The below approach uses the modern backup API, virDomainBackupBegin(). This requires libvirt-7.2.0 and QEMU-4.2, or higher versions.

  1. Start the guest:

    $> virsh start vm1
    Domain 'vm1' started
  2. Enumerate the disk(s) in use:

    $> virsh domblklist vm1
     Target   Source
    --------------------------------------
     vda      /var/lib/libvirt/images/vm1.qcow2
  3. Begin the backup:

    $> virsh backup-begin vm1
    Backup started
  4. Check the job status ("None" means the job has likely completed):

    $> virsh domjobinfo vm1
    Job type:         None
  5. Check the completed job status:

    $> virsh domjobinfo vm1 --completed
    Job type:         Completed
    Operation:        Backup
    Time elapsed:     183          ms
    File processed:   39.250 MiB
    File remaining:   0.000 B
    File total:       39.250 MiB
  6. Now we see the copy of the backup:

    $> ls -lash /var/lib/libvirt/images/vm1.qcow2*
    15M -rw-r--r--. 1 qemu qemu 15M May 10 12:22 vm1.qcow2
    21M -rw-------. 1 root root 21M May 10 12:23 vm1.qcow2.1620642185

Full backup with older libvirt versions

This is the alternative in case you cannot use libvirt-7.2.0 and QEMU-4.2 for some reason. But this assumes you're using at least QEMU 2.1 and libvirt-1.2.9.

This backup approach is slightly more involved, and predates the virDomainBackupBegin() API: Assuming a guest with a single disk image, create a temporary live QCOW2 overlay (commonly called as "external snapshot") to track the live guest writes. Then backup the original disk image while the guest (live QEMU) keeps writing to the temporary overlay. Finally, perform the "active block-commit" operation to live-merge the temporary overlay disk contents into the original image — i.e. the backing file — and "pivot" the live QEMU process to point to it.

  1. Start with a guest with a single disk image, base.raw, which is where the live QEMU is pointing at, and recording the guest writes:

    base.raw (live QEMU)
  2. List the current block device(s) in use:

    $ virsh domblklist vm1
    Target     Source
    ------------------------------------------------
    vda        /var/lib/libvirt/images/base.raw
  3. Create the live "external disk snapshot" (or more correctly, "an overlay"):

    $ virsh snapshot-create-as --domain vm1 overlay1 \
        --diskspec vda,file=/var/lib/libvirt/images/overlay1.qcow2 \
        --disk-only

    The disk image chain looks as follows:

    base.raw <-- overlay1.qcow2 (live QEMU)

Note

Above, if you have QEMU guest agent installed in your virtual machine, use the --quiesce option with virsh snapshot-create-as [...] to ensure you have a consistent disk state.

Optionally, you can also supply the --no-metadata option to virsh snapshot-create-as to tell libvirt not track the snapshot metadata.

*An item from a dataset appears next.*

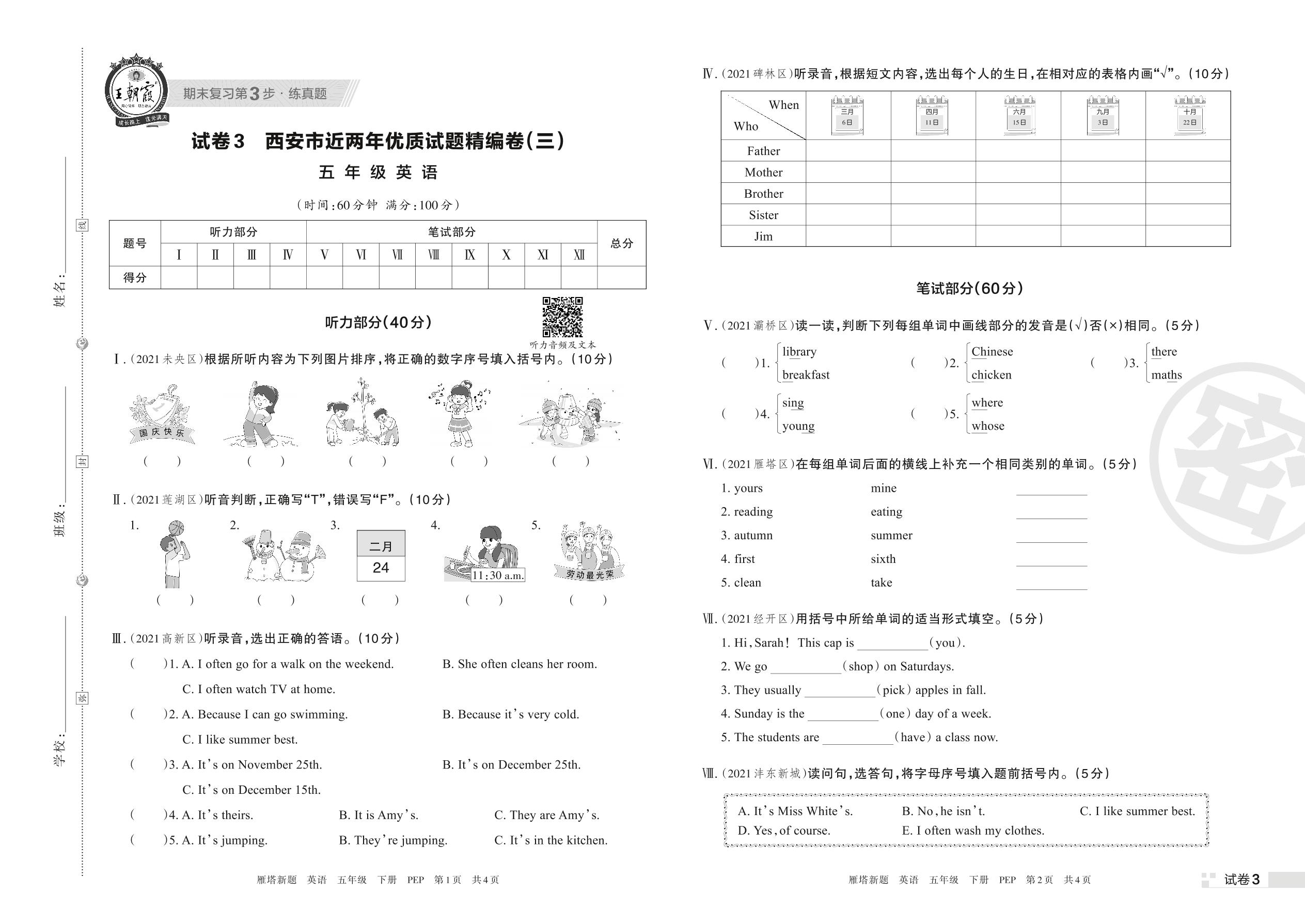 西安市近两年优质真题精编卷(三)五年级下册英语(PEP版)【3】

Otherwise, when you decide to merge snapshot overlays, you have to explicitly clean the libvirt metadata using virsh snapshot-delete vm1 --metadata [name|--current].

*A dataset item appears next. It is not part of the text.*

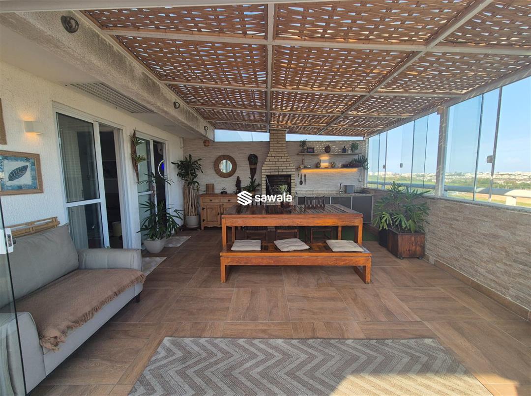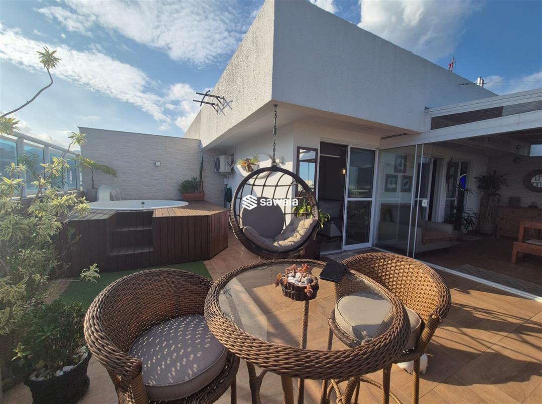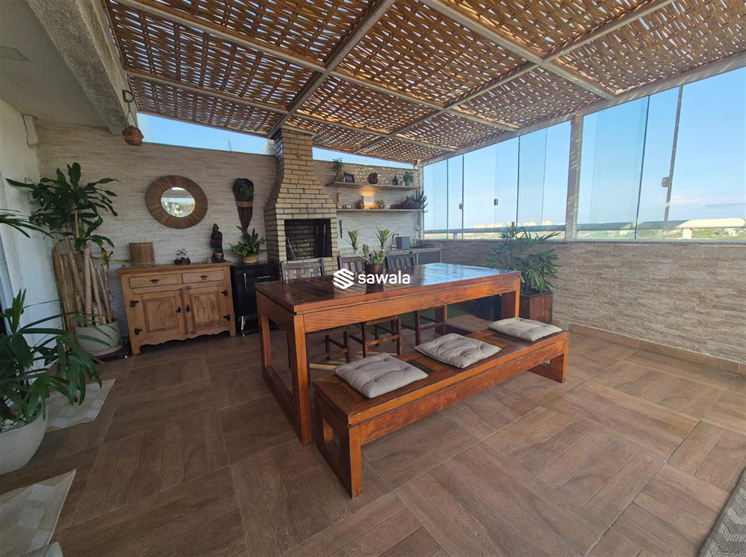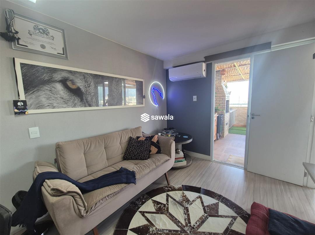 Situada no 8º andar, esta cobertura oferece o melhor em conforto e estilo de vida. No andar inferior, você encontrará 3 quartos, incluindo uma suíte elegante, uma sala dividida em 2 ambientes acolhedores, uma varanda convidativa, um lavabo, um banheiro social e uma cozinha americana equipada com armários planejados. O andar superior reserva uma sala de TV aconchegante, um quarto adicional, um banheiro completo e uma área externa espetacular

  1. Now, take a backup the original image, base.raw, to a different location using cp or rsync:

    $ cp /var/lib/libvirt/images/base.raw
        /export/backups/copy1_base.raw
    
    # Or:
    
    $ rsync -avhW --progress /var/lib/libvirt/images/base.raw \
        /export/backups/copy1_base.raw
  2. Enumerate the current block device(s) in use, again. Notice that the current disk image in use is the above-created overlay, overlay1.qcow2:

    $ virsh domblklist vm1
    Target     Source
    ------------------------------------------------
    vda        vda,file=/var/lib/libvirt/images/overlay1.qcow2
  3. Once the backup of the original image completes, now perform the "active block-commit" to live-merge the contents of overlay1.qcow2 into base.raw and pivot the live QEMU back to the original:

    $ virsh blockcommit vm1 vda --active --verbose --pivot
  4. After the above operation completes, again list the current block device(s) in use. And notice that the live QEMU is now writing to the original base image:

    $ virsh domblklist vm1
    Target     Source
    ------------------------------------------------
    vda        /var/lib/libvirt/images/base.raw

The final updated disk image "chain" will be a single consolidated disk:

[base.raw] (live QEMU)

Now you can safely discard the overlay image, overlay1.qcow2 — it is no longer valid; and its contents are now fully merged into the base image.